No matter what kind of business you’re in, or how large your organization is, protecting your valuable data is a top priority. Failure to do so could put your reputation – and even the future of your operations – at risk. This isn’t just a hypothetical problem. According to cybersecurity specialists TrustWave, 59% of organizations have experienced a malware infiltration in the past six months and 28% of organizations have experienced an advanced persistent threat attack.
These numbers are indeed alarming, but even as companies scramble to keep hackers out of their systems there is a whole other realm of data security that often gets ignored: regulatory compliance. It might not be as “glamorous” as addressing the kinds of data breaches that seem to make the news with frightening regularity, but failure to address it can have negative consequences that are just as profound and damaging in the long term. Any organization that relies on MultiValue databases needs to make this as much of a priority as preventing phishing and other breaches.
Audits and Compliance
Every day brings a new and complex set of interactions, events, and activities within your business applications and data. What happens when something unexpected occurs with one or more of them? Your organization needs to know what’s happening with its data and applications in real time.
Compliance is the most obvious driver for introducing logging functionality to your environment. When it comes to compliance, you have to be right and you have to move quickly. Logging lets your organization lower risks by gaining insight into what’s happening to your data and application environment, so you can address underlying issues. For example, with logging, if a user is viewing clients not assigned to him or collecting sensitive information such as social security numbers, proper logging can help auditors identify improper access privileges or detect and put a stop to patterns of abuse. In addition to compliance, your organization can use logging for:
- Accountability – Identify the accounts associated with certain events and use the information to make decisions about training or disciplinary action
- Reconstruction – Track data to the ‘tick’ (microsecond) level and sequentially within each unique user process to see and understand what happened before and during an event
- Intrusion Detection – Review unusual and unauthorized events, like failed login attempts or logins outside of a specified schedule, which might indicate attempts to breach security
- Problem Detection – Analyze log data to identify problems that you need to address. For example, review resource utilization or failed jobs.
The Letter (and Spirit) of the Law
Knowing what’s happened and what’s going on inside your enterprise information systems, as well as providing an audit trail to prove it, is not only required by internal operational procedures, but is also mandated by governmental standards for many industries and businesses. In fact, in the US regulations such as HIPAA, SOX, and industry standard PCI-DSS all have specific requirements for audit logging. In European and other countries there are similar standards and regulations.

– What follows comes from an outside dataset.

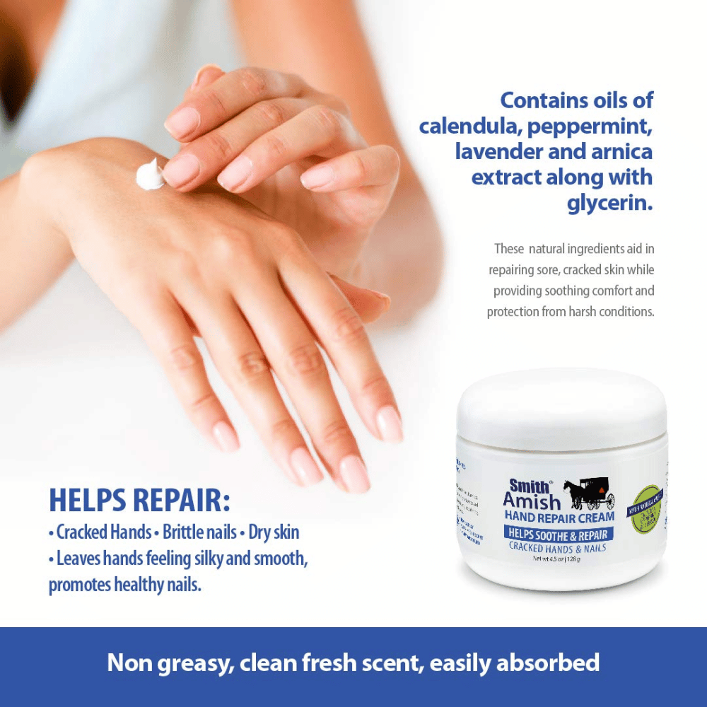 Smith Amish Hand Repair Cream is the perfect solution for rough hands and feet. This super hydrating cream is enriched with humectants to help keep your skin looking hydrated and healthy.

Audit logging is an automated approach to data management that chronologically records who did what to which system resource and when.
In Real Time
State of the art audit logging includes the capability to change requirements while the production server is running. This key capability allows you to change logging specifications immediately. If you believe an intrusion is in progress, you may want to immediately enable auditing those specific areas where you believe the intrusion is happening – whether within or outside your organization. In real time, you can entrap and audit that rouge employee bent on doing harm from within.
Getting Real
It’s easy to understand the value of audit logging, but implementing it is another story. That’s because it can be challenging for IT professionals to add yet another task to their never-ending to-do lists when they’re barely staying ahead of the curve. IT must spend the time up front configuring audit logging to ensure your organization realizes all of the benefits. No two organizations are the same, but those that choose an approach to audit logging that is comprehensive, flexible, customizable and easy to maintain will have the best chance at long-term success.